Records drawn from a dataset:
-----

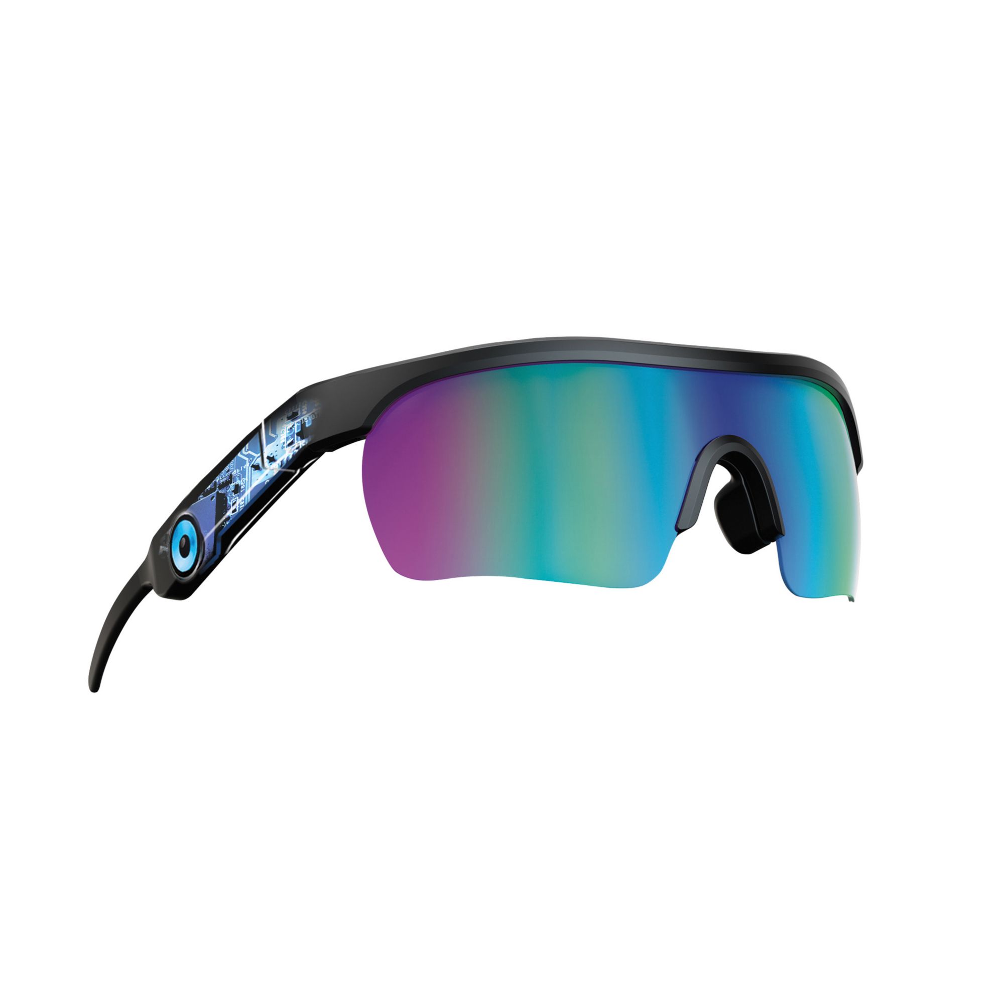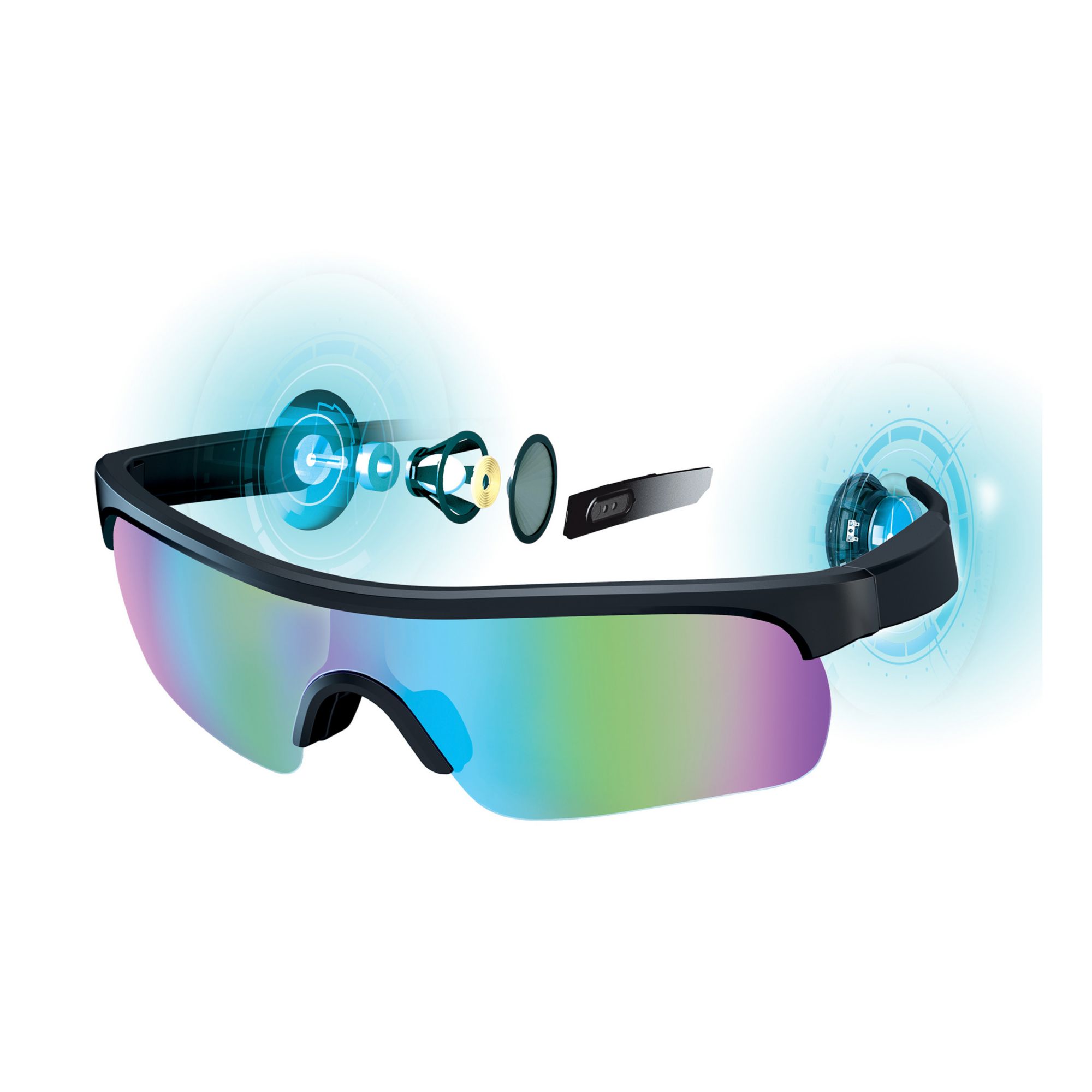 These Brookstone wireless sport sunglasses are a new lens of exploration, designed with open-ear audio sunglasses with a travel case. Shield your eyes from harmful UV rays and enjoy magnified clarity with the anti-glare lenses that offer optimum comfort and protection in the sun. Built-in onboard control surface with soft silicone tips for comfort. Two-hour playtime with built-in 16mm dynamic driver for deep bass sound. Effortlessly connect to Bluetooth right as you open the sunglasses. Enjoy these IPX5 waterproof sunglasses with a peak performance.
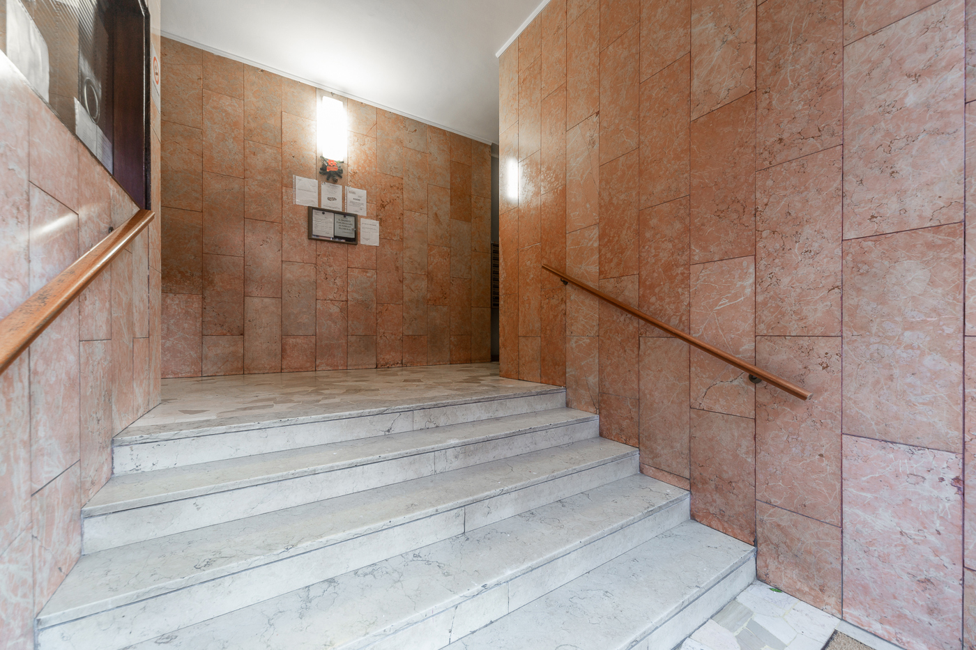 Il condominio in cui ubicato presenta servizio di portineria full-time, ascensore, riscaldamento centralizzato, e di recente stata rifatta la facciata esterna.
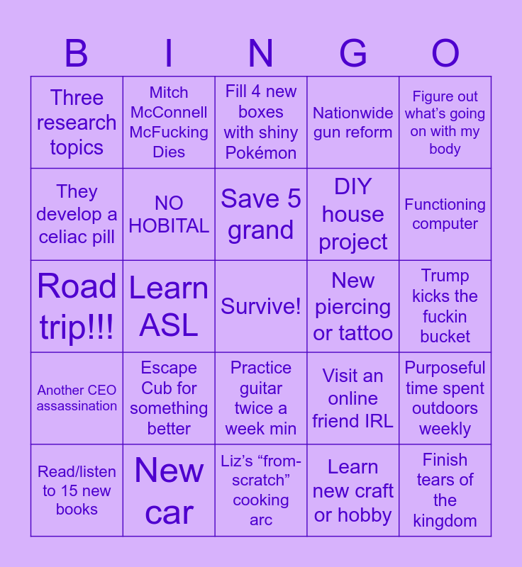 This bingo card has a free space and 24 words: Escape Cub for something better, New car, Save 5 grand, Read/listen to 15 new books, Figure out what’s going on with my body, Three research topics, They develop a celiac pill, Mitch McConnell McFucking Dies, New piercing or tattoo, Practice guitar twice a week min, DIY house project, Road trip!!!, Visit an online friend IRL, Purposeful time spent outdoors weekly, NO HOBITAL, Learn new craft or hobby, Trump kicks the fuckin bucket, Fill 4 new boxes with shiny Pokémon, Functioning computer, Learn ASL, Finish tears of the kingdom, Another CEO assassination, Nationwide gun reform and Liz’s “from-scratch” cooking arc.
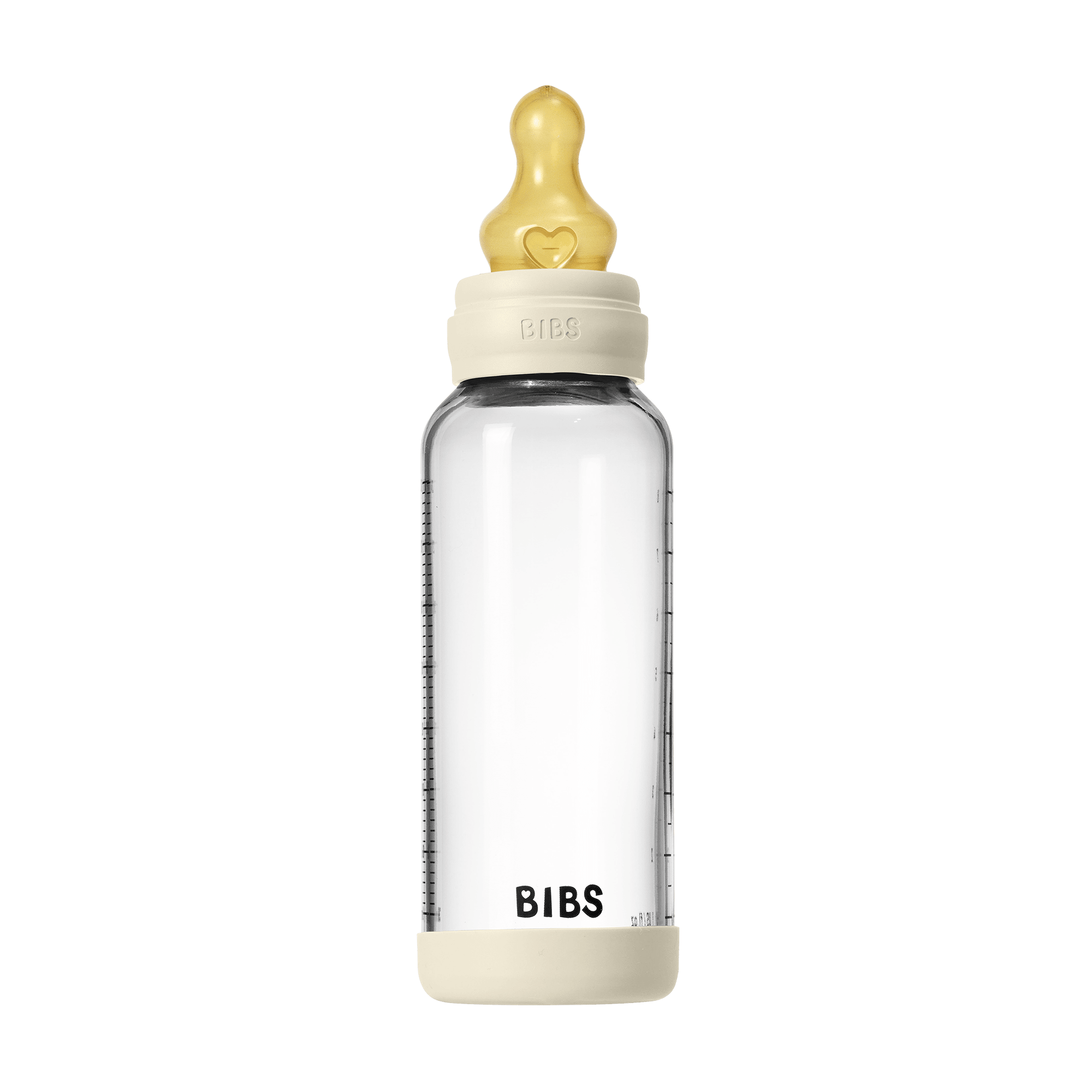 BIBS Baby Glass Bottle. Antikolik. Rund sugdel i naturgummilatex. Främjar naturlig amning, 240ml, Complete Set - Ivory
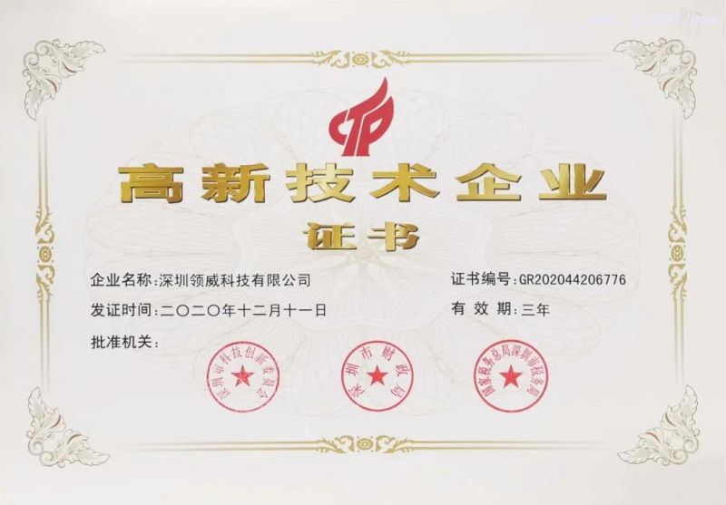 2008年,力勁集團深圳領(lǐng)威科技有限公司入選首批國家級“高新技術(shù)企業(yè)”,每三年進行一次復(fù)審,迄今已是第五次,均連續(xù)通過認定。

-----

■ **Directions**: Give back the records exactly, minus any pictures.

■ **Written answer**:
 These Brookstone wireless sport sunglasses are a new lens of exploration, designed with open-ear audio sunglasses with a travel case. Shield your eyes from harmful UV rays and enjoy magnified clarity with the anti-glare lenses that offer optimum comfort and protection in the sun. Built-in onboard control surface with soft silicone tips for comfort. Two-hour playtime with built-in 16mm dynamic driver for deep bass sound. Effortlessly connect to Bluetooth right as you open the sunglasses. Enjoy these IPX5 waterproof sunglasses with a peak performance.
 Il condominio in cui ubicato presenta servizio di portineria full-time, ascensore, riscaldamento centralizzato, e di recente stata rifatta la facciata esterna.
 This bingo card has a free space and 24 words: Escape Cub for something better, New car, Save 5 grand, Read/listen to 15 new books, Figure out what’s going on with my body, Three research topics, They develop a celiac pill, Mitch McConnell McFucking Dies, New piercing or tattoo, Practice guitar twice a week min, DIY house project, Road trip!!!, Visit an online friend IRL, Purposeful time spent outdoors weekly, NO HOBITAL, Learn new craft or hobby, Trump kicks the fuckin bucket, Fill 4 new boxes with shiny Pokémon, Functioning computer, Learn ASL, Finish tears of the kingdom, Another CEO assassination, Nationwide gun reform and Liz’s “from-scratch” cooking arc.
 BIBS Baby Glass Bottle. Antikolik. Rund sugdel i naturgummilatex. Främjar naturlig amning, 240ml, Complete Set - Ivory
 2008年,力勁集團深圳領(lǐng)威科技有限公司入選首批國家級“高新技術(shù)企業(yè)”,每三年進行一次復(fù)審,迄今已是第五次,均連續(xù)通過認定。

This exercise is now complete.